The sanitary towels are a mind boggler for me too.

wotsitallabout · 23/01/2009 20:04

Same problem here. Used to get suicidal about the untidyness. Now it's beyond belief. Sanitary towels everywhere, despite being provided with bags and bin. Mouldy food, knickers I have to throw away. The stench is unbearable. Trouble is I'm a tidy fanatic and I find it totally unacceptable. I dread to think what happens when she sleeps over at her friends or her dads. She went away for 2 weeks at christmas with her dad and stayed with extended family. Had her monthly too so was worried about situation. No worries, opened her case and she had brought all her dirty towels home with her. I iron all her clothes only for her to have a shower, drop wet towel on floor on top of clothes and then wear wet, screwed up clothes to school.

higgle · 11/02/2009 12:19

My sons, 14 and 17 have to keep their rooms clean and tidy as part of the deal to get their pocket money. They both do all own washing and change beds. I cast an eye over how the rooms are from time to time and rmins them to get on with it if they are slacking. Seems to work well. I really have not got time to clean and wash for teenagers, but do iron shirts and other things that really need it. We have been doing things this way from age 13 - they seem to be pleased to be "grown up" and responsible then and only veer off track later on

CrackerNut · 11/02/2009 12:23

Dd1 is only 11 but we have been having the problem of messy bedroom for ages now.

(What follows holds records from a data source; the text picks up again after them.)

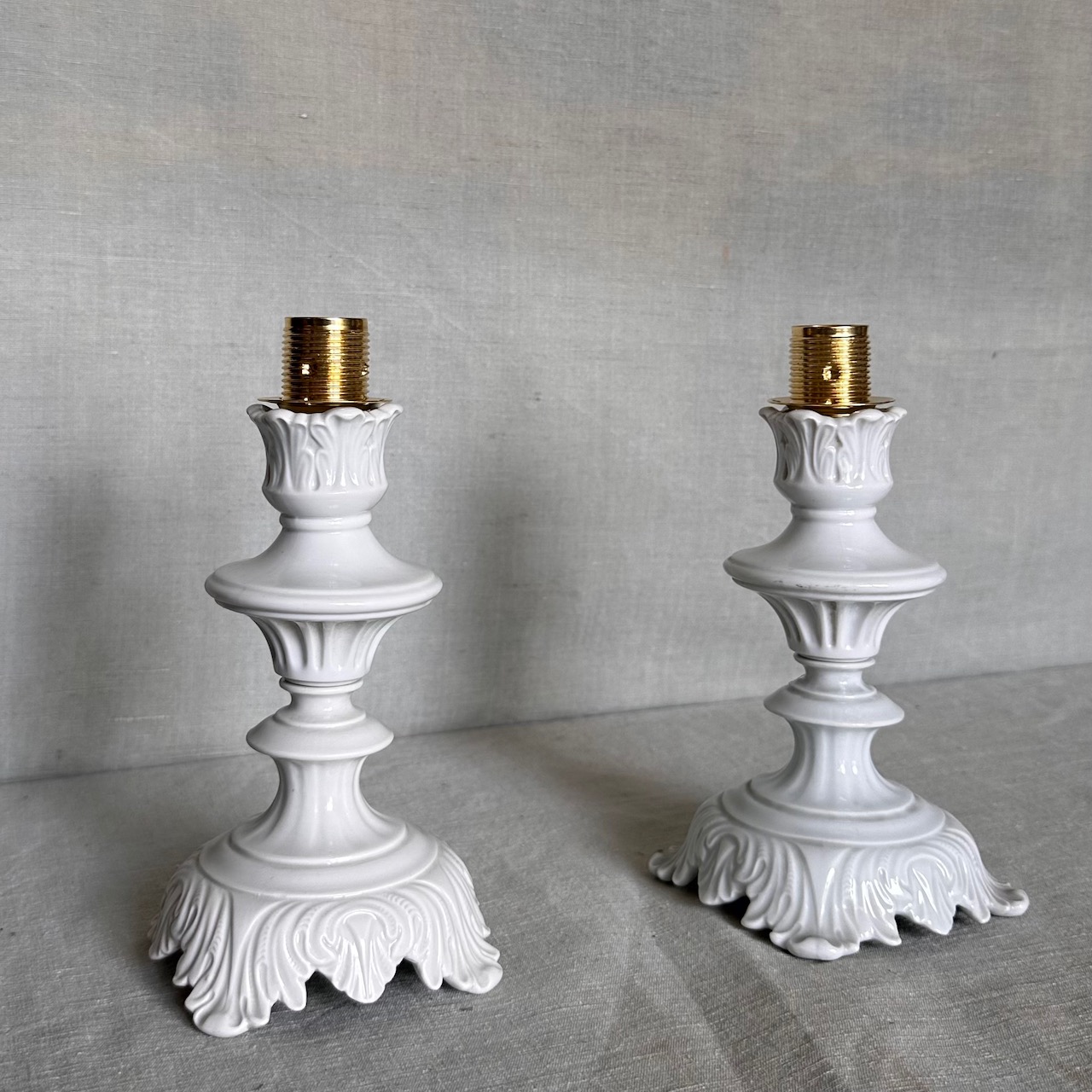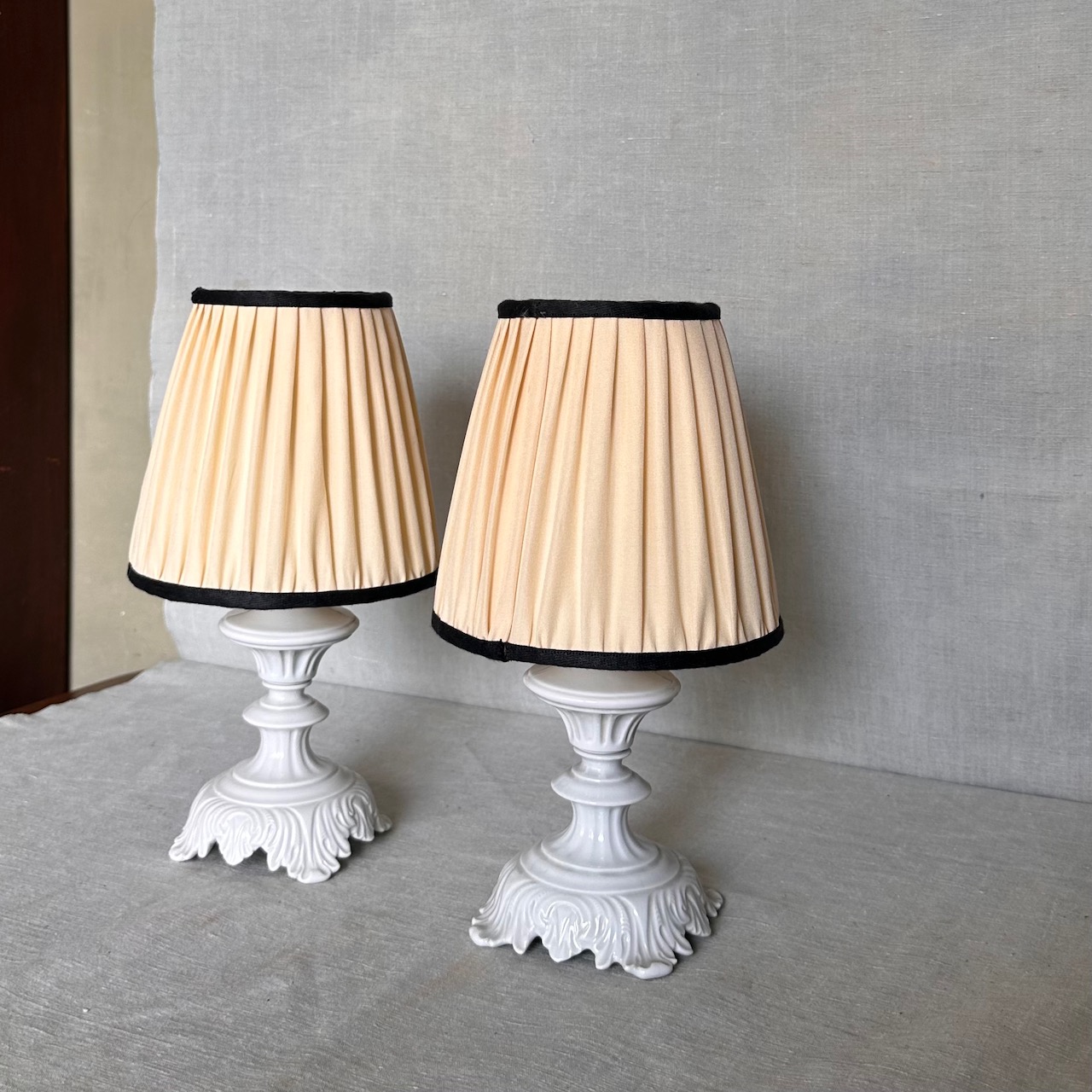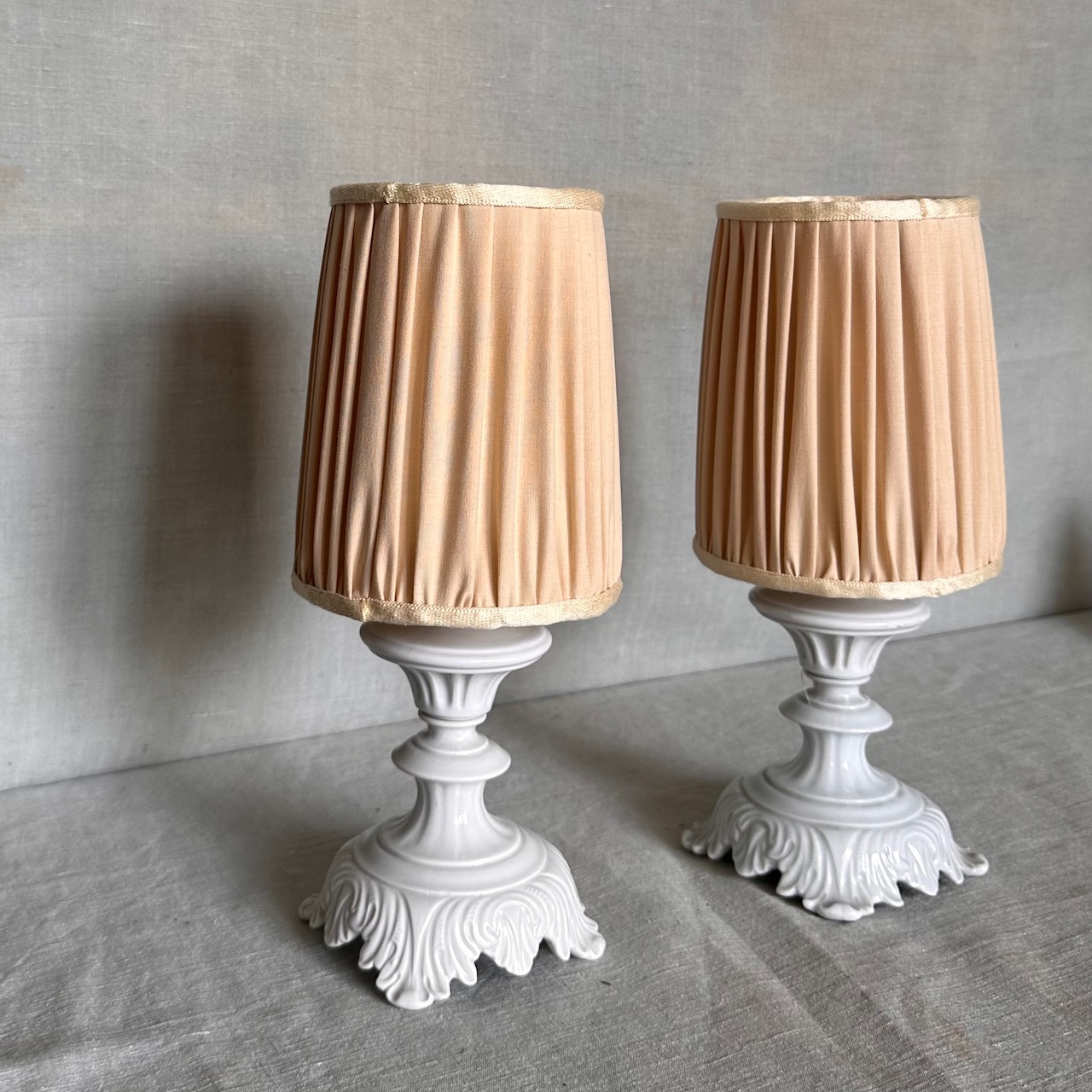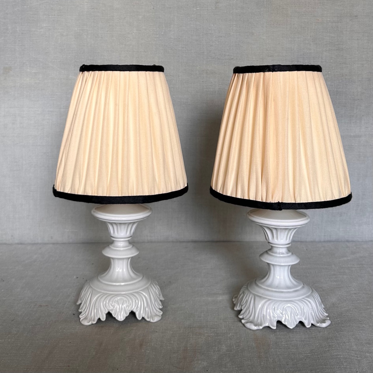 Coppia abat-jour porcellana smaltata bianca, paralumi seta avorio e bordino in tono. Italia, sec. XX
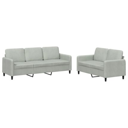 2-teiliges Sofa-Set mit Kissen, hellgrauer Stoff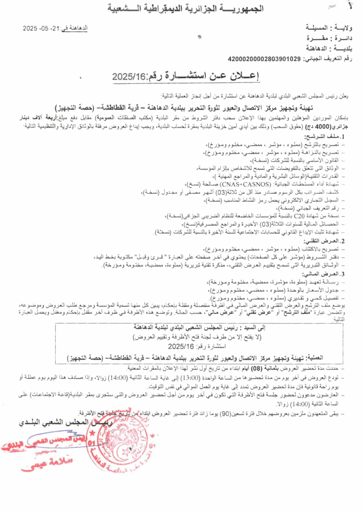 تهيئة وتجهيز مركز الاتصال والعبور لثورة التحرير ببلدية الدهاهنة -قرية القطاطشة- (حصة التجهيز)22 مايو، 20250 18 شاركها فيسبوك X مشاركة عبر البريد طباعة
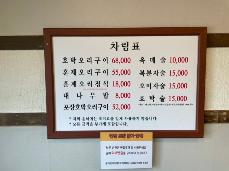 메뉴 남양주 맛집 고야 시그니처 음식 호박오리구이 &대나무밥 호박오리구이 (68000) 주문 후40분정도 ...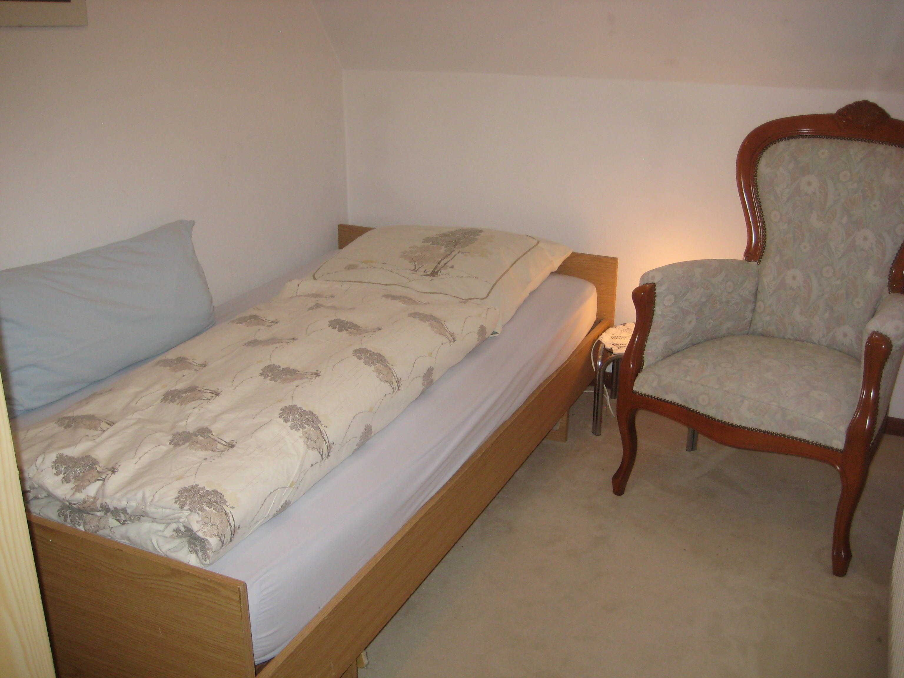 In unserem Haus haben wir für Sie ein Doppelzimmer mit Einzelbetten und ein Einzelzimmer. Ein großes Duschbad mit WC gehört dazu. Gefrühstückt wird im Wintergarten, der den Gästen auch als Aufenthaltsraum zur alleinigen Nutzung zur Verfügung steht. Im Garten stehen Tisch, Stühle und Sonnenschirm. Ein Fahrradabstellraum, der wegen seiner Größe den Kindern auch zum Spielen bei trübem Wetter zur Verfügung steht, sind vorhanden. Auf unserem Grundstück haben die Kinder viel Platz und die Eltern entsparannen auf den bereitstehenden Liegen.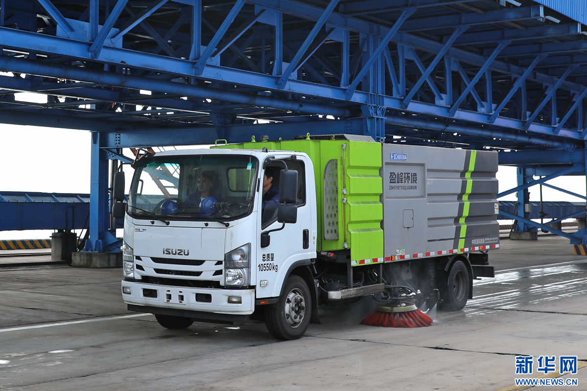 清扫车在秦皇岛港码头作业。新华网 魏会博摄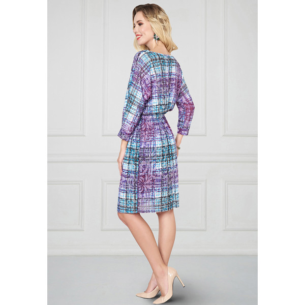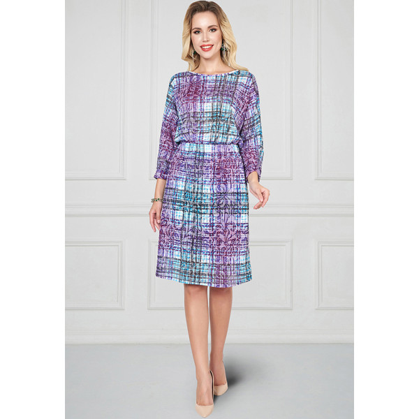 Лирина – платье полуприлегающего силуэта из принтованного плательного трикотажа. Вырез горловины классический овальный. Рукава 3/4 – “летучая мышь”. Благодаря поясу-резинке платье отлично садится по силуэту, а подъюбник придаст нижней части объем, что визуально стройнит фигуру. Будьте яркой и привлекательной вместе с “5trend”!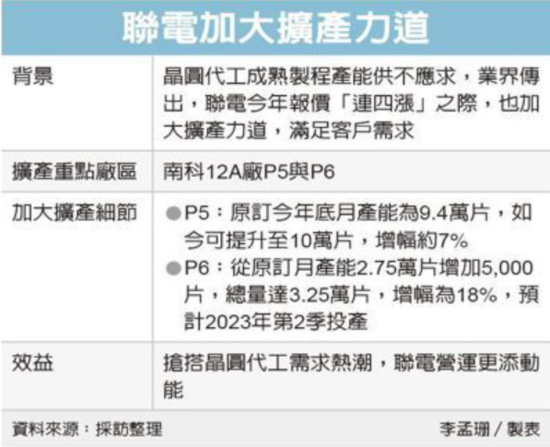 晶圆代工成熟制程产能供不应求,业界传出,联电今年报价「连四涨」之际,南科12A厂P5与P6同步加大扩产力道。其中,P5将较原订目标增加7%产能,今年底前到位,规划2023年第2季投产的P6月产能也将较原目标提升18%,P5、P6合计月产能将较原规划多1.1万片,营运更添动能。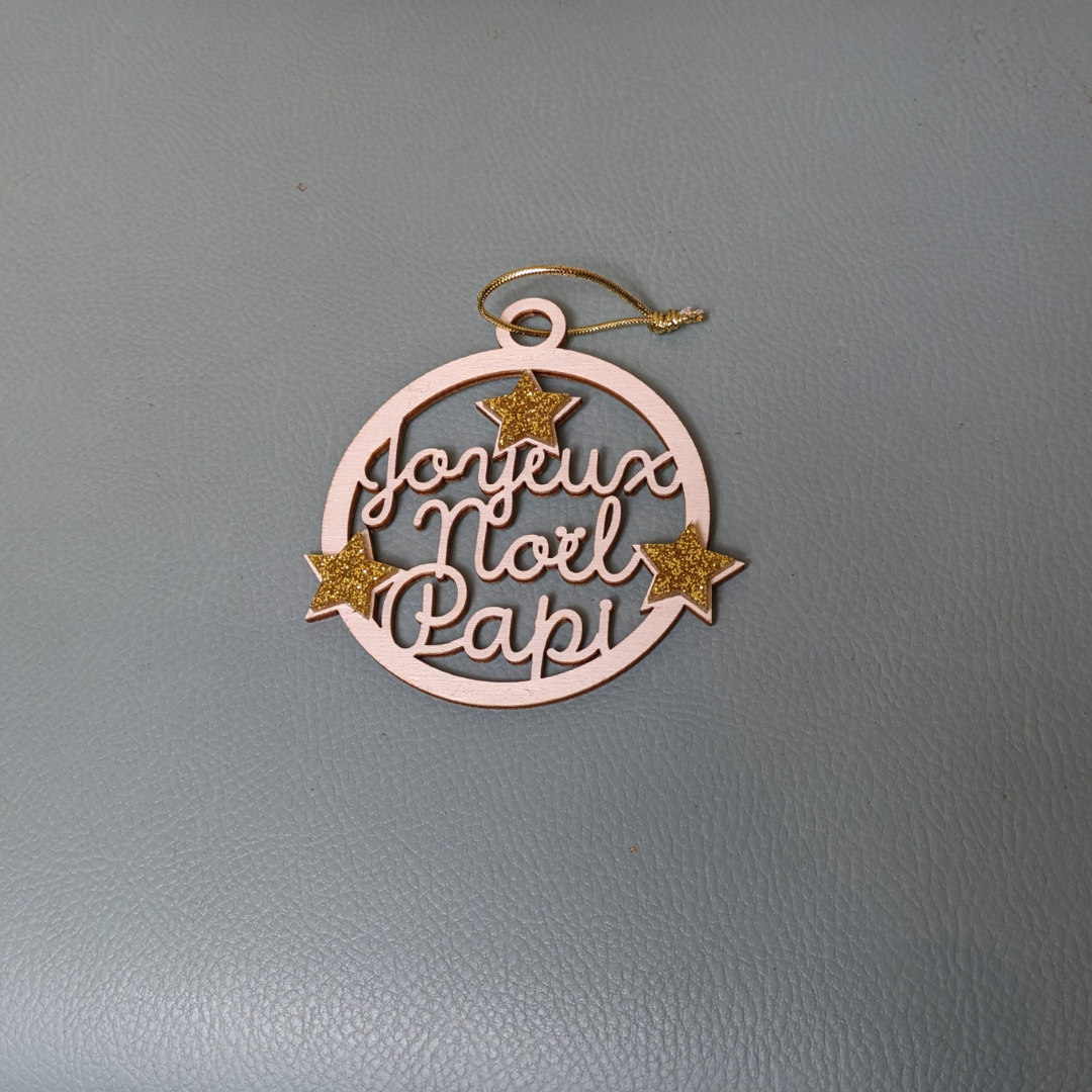 Personnalisez votre décoration de Noël avec nos Boules de Noël “Joyeux Noël”. Ajoutez une touche originale à votre sapin avec nos options d’inscription personnalisée : joyeux noël maman, joyeux noël mamie, joyeux noël marraine, joyeux noël papa, joyeux noël papi, joyeux noël parrain, joyeux noël tonton. Nos boules sont en contreplaqué de peuplier de 3mm d’épaisseur avec un décor en PMMA ou plexi de 3mm d’épaisseur, et un cordon en fil métallique et PP ou cordon PE pour l’attacher facilement au sapin. Veuillez noter que comme le bois est une matière naturelle, des différences de teintes peuvent être présentes sur une même boule ou entre deux boules. Les dimensions hors décor sont d’environ 10,5 cm de hauteur et 9 cm de largeur. Nos boules de Noël ne sont pas des jouets et doivent être manipulées par les enfants sous surveillance. Découvrez également notre collection édition limitée Noël, comprenant nos boules de Noël personnalisables, nos cartes étapes d’édition limitée de Noël, ainsi que notre calendrier de l’avent.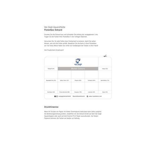 - Muted Colours: Titanbuff, Neapelgelb rot, Gummigutt, Gelber Ocker, Chinacridon Rosa, Olivgrün, Davygrau, Türkisgrün, Lavendel, Indigo, Neutralfarbe, Sepia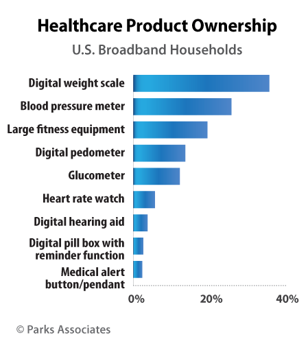 New digital health and Internet of Things (IoT) research from Parks Associates finds nearly 60% of U.S. broadband households own some kind of personal health and wellness device, such as a digital weight scale, blood pressure meter, digital pedometer, or glucometer.

The only thing that makes her tidy it is if I remove the fuse from the plug to her tv.

Trouble is, as soon as the room is tidy and she gets the fuse back then we get back to bombsite within hours.

I once cleared the whole thing out for her, gave it a real deep clean and then went in every day to just give it a quick sweep in the hope that this would help her see that it is nicer when it is tidy. I missed 1 day of doing that and it was back to bombiste again and I gave up.